Once within the abdominal cavity, the first step is to identify the site and cause of obstruction. If the point of obstruction is not obvious, decompressed bowel distal to the obstruction can be identified and followed proximally to the point of obstruction. Care should be taken when handling the obstructed bowel at or near the point of obstruction when acutely obstructed, especially if it is fixed at an apparent site of obstruction or if it is ischemic. This region is at high risk for strangulation and infarction, making it more likely to rupture with spillage of bacteria-laden enteric contents into the abdomen. The dilated bowel proximal to the offending obstruction is often thin-walled and at increased risk for perforation if the obstruction is acute. After the offending obstruction has been corrected, a thorough exploration of all four quadrants should always be undertaken to ensure that all intestinal injuries are repaired, nonviable segments are resected, and a second site of obstruction or fixation is not overlooked; this concept is especially true for volvulated segments of small bowel where two points of fixation are often present. Sometimes obstructing bands traversing a sizeable part of the peritoneum can affect more than one loop of bowel. When a small bowel resection is necessary, intestinal continuity of the small bowel can be accomplished generally with a primary anastomosis unless there is generalized peritonitis and the edges of the remnant bowel are of questionable viability. When an intestinal anastomosis is performed, the discrepancy in bowel diameter and wall thickness between the obstructed proximal bowel and decompressed distal bowel are important factors in choosing anastomotic techniques. The surgeon may consider a side-to-side or end-to-side anastomosis in situations where massive dilation of the proximal bowel makes an end-to-end anastomosis difficult technically. In addition, a stapled anastomosis may be less safe in cases where a large discrepancy in bowel wall thickness exists or when there is bowel wall edema, because uniform approximation of the tissue for a given staple height may not be possible.
Abdominal closure may be difficult to achieve when the small bowel is massively dilated. In these cases, intraoperative intestinal decompression will facilitate closure. Techniques described for intraoperative decompression include manual retrograde decompression into the stomach (with careful handling of the obstructed bowel), intraoperative passage of a long nasointestinal tube, and, rarely, performance of a controlled enterotomy with passage of a decompressing tube; the latter technique is strongly discouraged except under very select circumstances, such as tremendous intestinal distention preventing abdominal closure or distention threatening bowel viability.
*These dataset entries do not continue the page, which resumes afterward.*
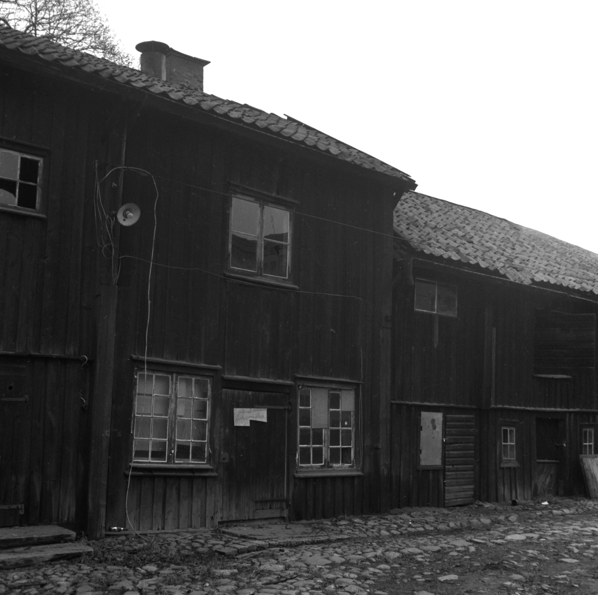 Ekonomibyggnader i kvarteret Almen före renovering i slutet av 1960-talet.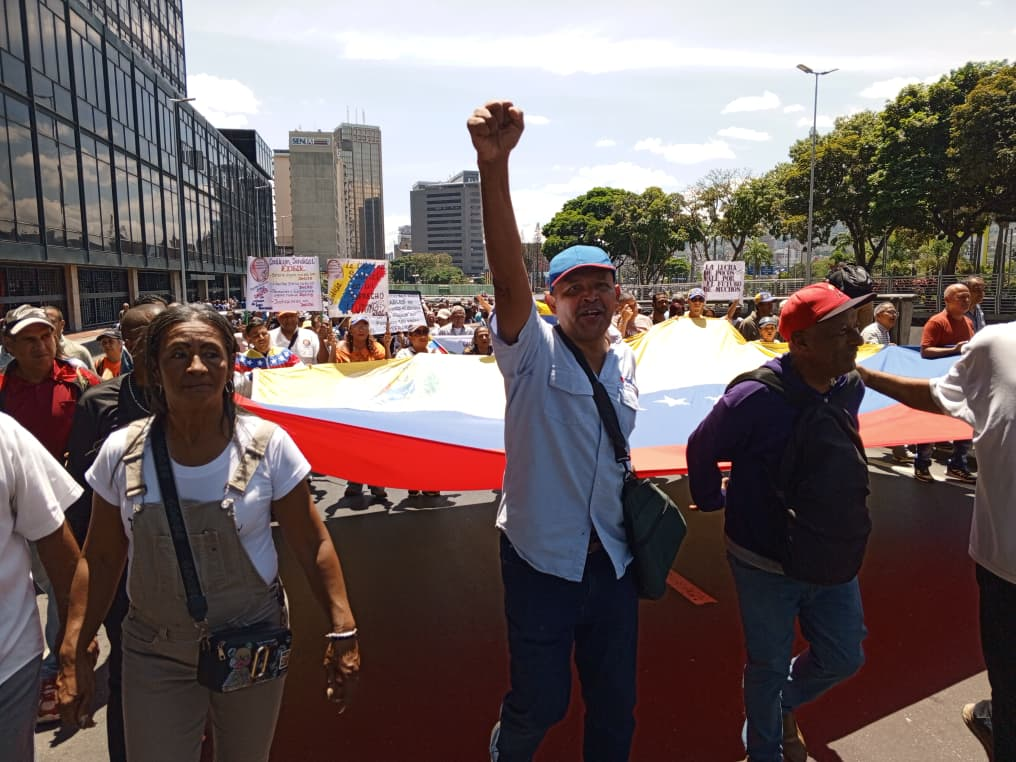 Al llegar a las inmediaciones de Plaza Venezuela, los participantes reiteraron sus exigencias de mejoras en los ingresos, afectados por el prolongado estancamiento del salario mínimo, que permanece sin cambios desde 2022.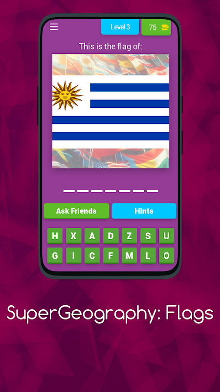 Uji pengetahuan anda tentang bendera dari seluruh dunia dalam permainan meneka yang menarik ini. Lihat bendera pada skrin dan teka negara mana ia milik. Dengan reka bentuk visual yang menarik dan permainan yang ringkas namun mencabar, permainan ini sesuai untuk pencinta geografi yang ingin meningkatkan kemahiran mereka sambil berseronok. Sahut cabaran dan jadilah ahli bendera!.

Manual retrograde decompression of luminal contents around the ligament of Treitz, through the pylorus, and into the stomach allows for aspiration through the nasogastric tube by the anesthetist.75 This maneuver is the safest and quickest technique, because it allows closure of the abdominal wall while avoiding an enterotomy and excessive manipulation of the bowel. When decompressing the bowel, care must be taken to handle the inflamed and distended bowel gently, because experimental studies have demonstrated an increased rate of bacteremia after extensive manipulation of obstructed bowel.76 In addition, the anesthesia team should be alerted to the maneuver to be certain that their nasogastric tube is functioning well. Although intraoperative decompression has not been shown to decrease the rate of postoperative complications or the speed of return of bowel function, it certainly does make the closure easier, faster, and safer.
Nonviable bowel needs to be identified and resected. Resection should be undertaken with caution, especially in patients with a limited length of bowel from a previous resection or those with large sections of ischemia. Adjuncts for determining bowel viability include the use of Doppler US and intravenous fluorescein. These tests are relatively subjective, should be used with caution, and are only adjuncts to sound clinical judgment. In patients who would otherwise be left with less than two-thirds of their original bowel length after resection of all bowel of questionable ischemia, consideration may be given to resecting all the grossly necrotic or obviously nonviable bowel, but preserving bowel of questionable viability and performing an end ostomy or a second-look procedure 12–24 hours later, particularly if the viability of the ends to be anastomosed is in question.
In patients with an incurable malignant small bowel obstruction, if the offending obstruction is unable to be released or it is deemed unsafe to attempt to dissect out the point of obstruction, intestinal bypass can be performed. Bypass relieves the obstruction while reestablishing intestinal continuity and preventing a closed-loop obstruction; however, the advisability of a bypass procedure should be considered. For instance, in the presence of carcinomatosis, a bypass may prove fastest and safest, because patient survival will be short. In contrast, patients with certain chronic inflammatory diseases will remain at risk for ongoing problems (eg, Crohn's disease or tuberculosis) related to the inflammation in any “bypassed” segment and therefore such patients may be served better by resection than simple bypass.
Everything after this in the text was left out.